*EXTRACTED INFORMATION*

· · · · ·

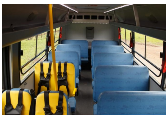
Cinto de segurança de três pontos e colete torácico de quatro pontos frontal.

Desta forma, podemos atender a necessidade do órgão com as seguintes alterações, onde nada prejudicaria o certame, bem como traria a ampla participação do maior número de fornecedores.
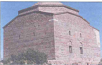
Hudâvendigâr Camii - Behramkale / Çanakkale
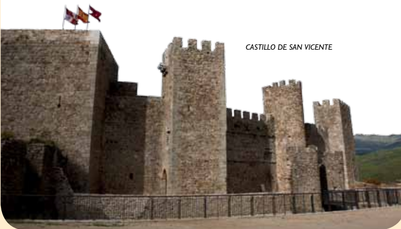
CASTILLO DE SAN VICENTE

En dirección al templo de La Asunción se localizan, entre las casas, restos de la muralla que defendía el castillo de San Vicente. Esta poderosa fortaleza, cuyas almenas brindan bellas panorámicas, es uno de los castillos más sobresalientes de la provincia. Su interior acoge un centro de interpretación sobre la vida en la Edad Media.
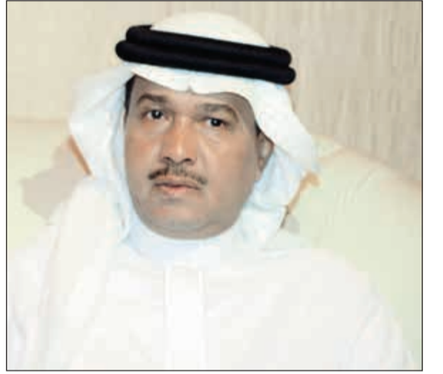
«فنان العرب» محمد عبده

أكد «فنان العرب» محمد عبده أن الفنان المحب لفنّه لا يستطيع أن يتوقف عن الغناء أو الفن الذي يمارسه، وقال: إذا
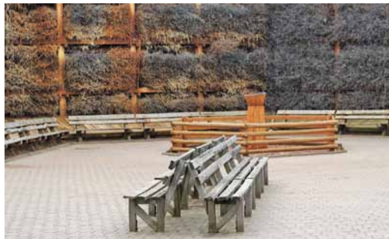
Radni wolą dmuchać na zimne

– Chociaż na posiedzeniu komisji Prezes Zarządu Spółki zapewniał, że nie ma planów sprzedaży czy ewentualnej likwidacji działalności tężni solankowej lub wydobycia solanki z odwiertu w Parku Zdrojowym, to musimy mo-
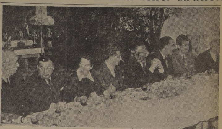
El Ministro de Obras Públicas y otras personalidades asistentes al almuerzo de ayer en "Las Salinas", en celebración del "Día del Camino".

Después de otros discursos de empleados y jefes de los servicios, y un programa folklórico, se puso término a la celebración del "Día del Camino".
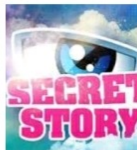
Quem vai ganhar a Casa dos Segredos? Aceitam-se apostas
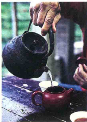
福建，安溪/村子 里的做茶人，用铁 壶炭火煮一壶去年 的秋茶

去安溪山中清净几日，恰逢有做茶的朋友带路，车子在山中盘绕几圈，山顶可见山坳处排列整齐的茶园和延绵的梯田。来到举溪村，茶园里的茶叶还未抽嫩芽，要想喝新的春茶，怕是来得太早了。午后仍然还能听到节日的爆竹声，去茶人家里小坐，久未居住的院子有点凋敝，但收拾一下就又亲切温暖了。傍晚我们几人坐在屋檐下煮茶喝，茶人喜欢用铁壶炭火煮水，专门把从日本带回的铁壶一路从厦门带了过来，仪式感十足。泡一杯
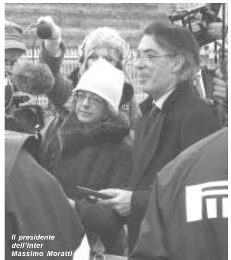
Il presidente dell'Inter Massimo Moratti
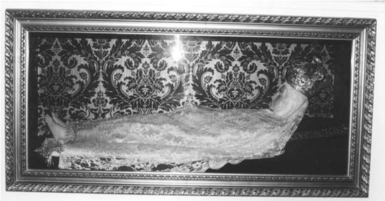
14.- NUESTRA SEÑORA (IMAGEN YACENTE)
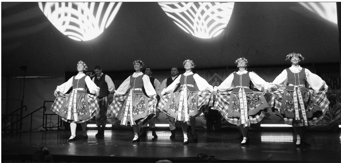
Scenoje – lietuvių tautinių šokių grupė „Suktinis”.
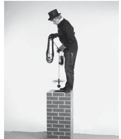
1 Reinigen des zu sanierenden Schornsteines.
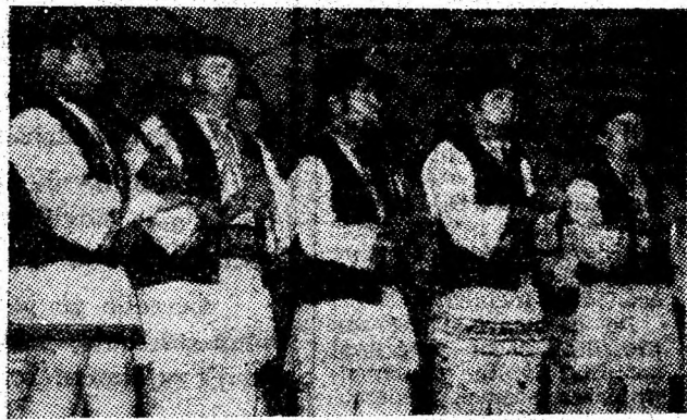
Fluierașii de la Jieț, prezență remarcabilă în cadrul Festivalului național „Cîntarea României”.
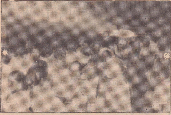
ஒன்றரை வருட காலத்தின்பின்னர் யாழ்ப்பாணம் பெருந்தொகையான பயணிகளில் ஒரு பகுதியினரையே இங்கு நீங்கள் பார்க்கிறீர்கள்.
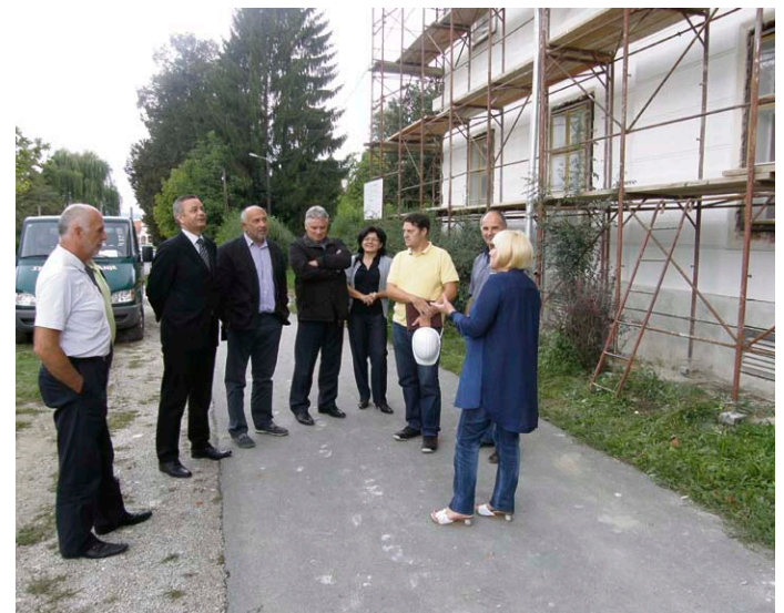
Obilazak radova na zgradi Učeničkog doma u Križevcima

Prihvaćen je tako projekt poticanja energetske učinkovitosti u kućanstvima koji će se tijekom 2013. i 2014. godine sufinancirati iznosom od 400 tisuća kuna. Za poboljšanje energetske učinkovitosti sufinancirat će se i radovi na rekonstrukciji zgrade srednjih škola u Koprivnici s 2,7 milijuna kuna te na Učeničkom domu u Križevcima s 530 tisuća kuna.
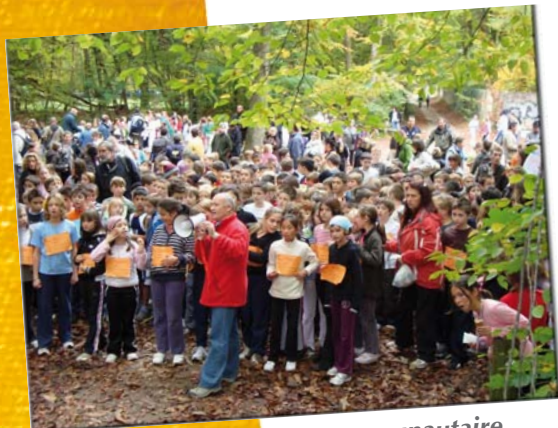
Le départ du Cross communautaire
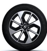
Platišča iz lahke litine 16" Limited
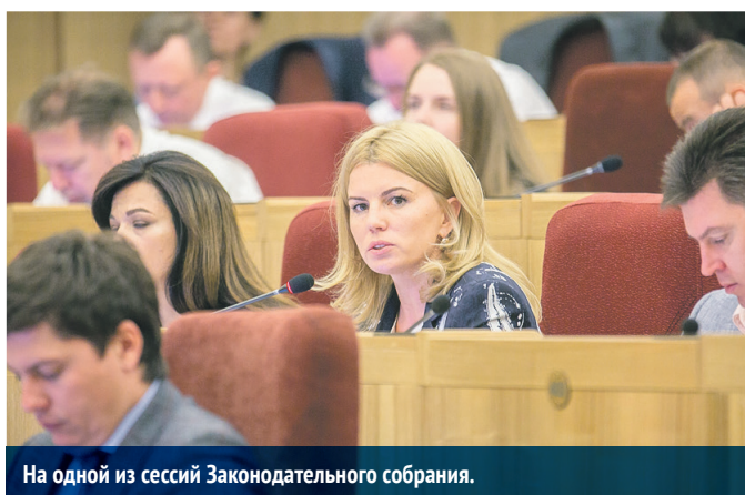
На одной из сессий Законодательного собрания.

· · · · ·

*WHAT IS NEEDED*
From the line that contains "Scenoje – lietuvių" through the last line of the listing, copy each line exactly; both end lines stay in, and pictures stay out.

*YOUR SOLUTION*
Scenoje – lietuvių tautinių šokių grupė „Suktinis”.
1 Reinigen des zu sanierenden Schornsteines.
Fluierașii de la Jieț, prezență remarcabilă în cadrul Festivalului național „Cîntarea României”.
ஒன்றரை வருட காலத்தின்பின்னர் யாழ்ப்பாணம் பெருந்தொகையான பயணிகளில் ஒரு பகுதியினரையே இங்கு நீங்கள் பார்க்கிறீர்கள்.
Obilazak radova na zgradi Učeničkog doma u Križevcima

Prihvaćen je tako projekt poticanja energetske učinkovitosti u kućanstvima koji će se tijekom 2013. i 2014. godine sufinancirati iznosom od 400 tisuća kuna. Za poboljšanje energetske učinkovitosti sufinancirat će se i radovi na rekonstrukciji zgrade srednjih škola u Koprivnici s 2,7 milijuna kuna te na Učeničkom domu u Križevcima s 530 tisuća kuna.
Le départ du Cross communautaire
Platišča iz lahke litine 16" Limited
На одной из сессий Законодательного собрания.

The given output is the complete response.